Он, не торопясь, выходит за ворота университета. Там стоят несколько таких же, как и он, бездельников и о чём-то шумно переговариваются. Уставившись вниз, К шагает вдоль ручья, что бежит напротив университета. Воды в нём — совсем на дне, да и та грязная. Разбухший трупик крысы, перекатываясь по воде, то плывёт, то замирает. Кажется, он хочет, чтобы вода увлекла его за собой. Однако зацепляется за деревянную корягу и крутится на одном месте. К оглядывает дорогу. На глаза не попадается ни одного камешка. Ого, вот это да! И хотя в том, что ни на асфальтовой дороге для машин, ни на мощёном булыжниками тротуаре не видно ни одного камня, нет ничего противоестественного, в то же самое время этот факт немного настораживает. К отводит взгляд от крысиного трупа.

Рябой пьёт соджу, но как только К входит в лавку, он поспешно сгребает со стола маленький шкалик со стаканом и прячет их в ящик стола.

— Давненько не заходил. Что-то в желудке колом встало, вот и хватил рюмочку, ты, может, тоже будешь? — осклабившись, рябой опять открывает ящик стола.

— Я не пью, — отвечает К, мельком оглядывая корешки книг. Книжка, которую он приметил в прошлый раз, на месте. Однако ж хозяин сидит слишком близко. Первым делом надо перенести её и поставить подальше от глаз рябого. Для начала К вытаскивает первую попавшуюся книгу и усаживается на стул, что стоит рядом со столом хозяина; перелистывая страницы, заводит разговор с рябым:

— А вы, оказывается, любите выпить! Никогда бы не подумал!

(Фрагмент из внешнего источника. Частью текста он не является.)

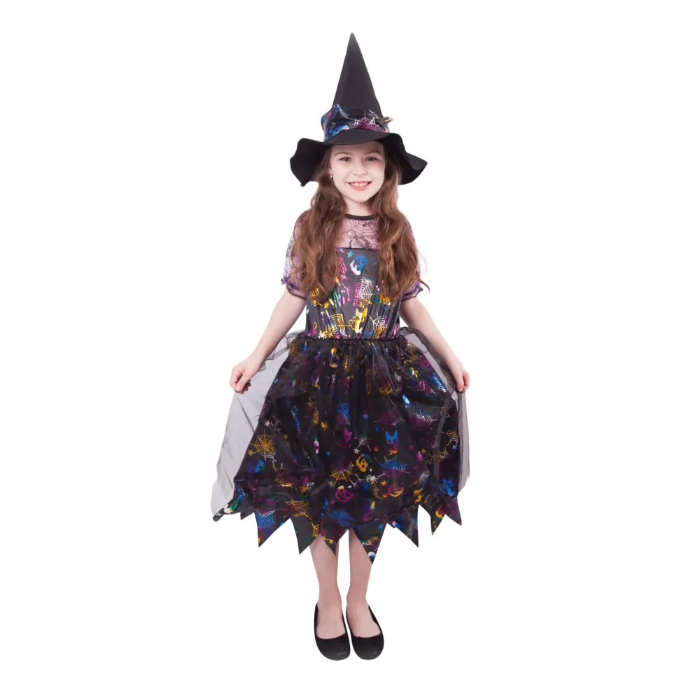 Krásný čarodějnický kostým s motivem pavučin v pestrých barvách a holografickým efektem. Černé šaty se zubatou sukní jsou zdobeny pavučina, dýněmi a různymi halloweenskými prvyk v duhových barvách. Součástí balení je také sladěný klobouk, který je rovněž zdoben stříbrnou stuhou.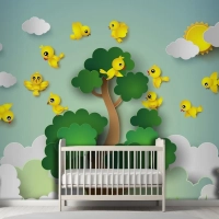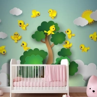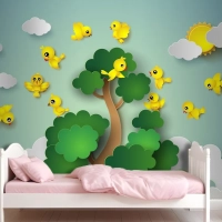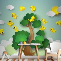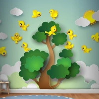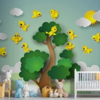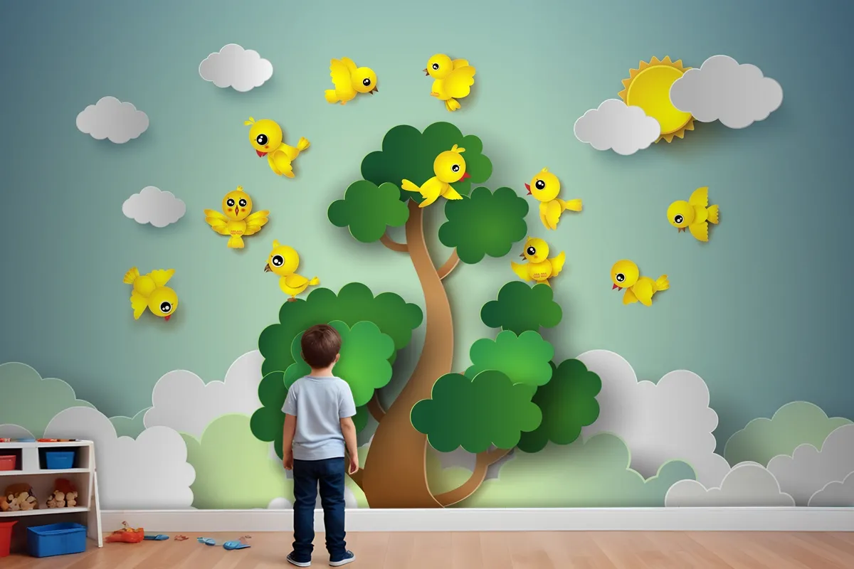 Ağacın Etrafında Uçan Kuş Çocuk Odası Duvar Kağıdı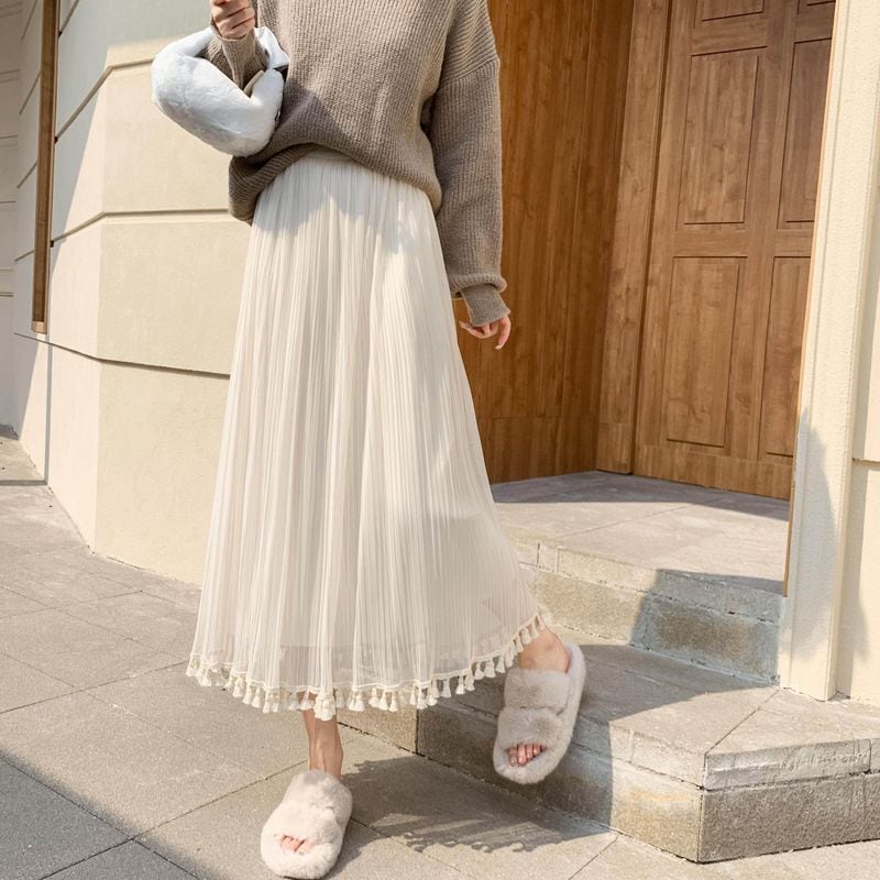 ウエストはゴム仕様で着心地も抜群。デイリーから特別な日まで、幅広いコーディネートに活躍する一枚です。

Вот чёрт, и надо же было попасться книжке из отрасли, в которой я почти ничего не смыслю. «…Это было принято римскими правоведами, внедрено святыми отцами христианской церкви и воссоздано Фомой Аквинским…» Рябой, кажется, что-то сказал, а я прослушал.

— Что вы сказали? — переспрашивает К.

— Я говорю, что тоже не любитель выпить.

Похоже, хозяин раздражён. Бурчит себе что-то под нос, усыпанный многочисленными оспинами.

Ну же, рябой! Прогавкай что-нибудь! Делать нечего — К продолжает перелистывать страницы. Нужно всего лишь потянуть время. «…Пролетариат, если вспомнить великое изречение Тойнби[39], хоть и существует в обществе, которым управляет, но сам этому обществу не принадлежит. И тот вакуум…»

— Ладно, читай себе… Если вспомнишь что интересное, рассказывай…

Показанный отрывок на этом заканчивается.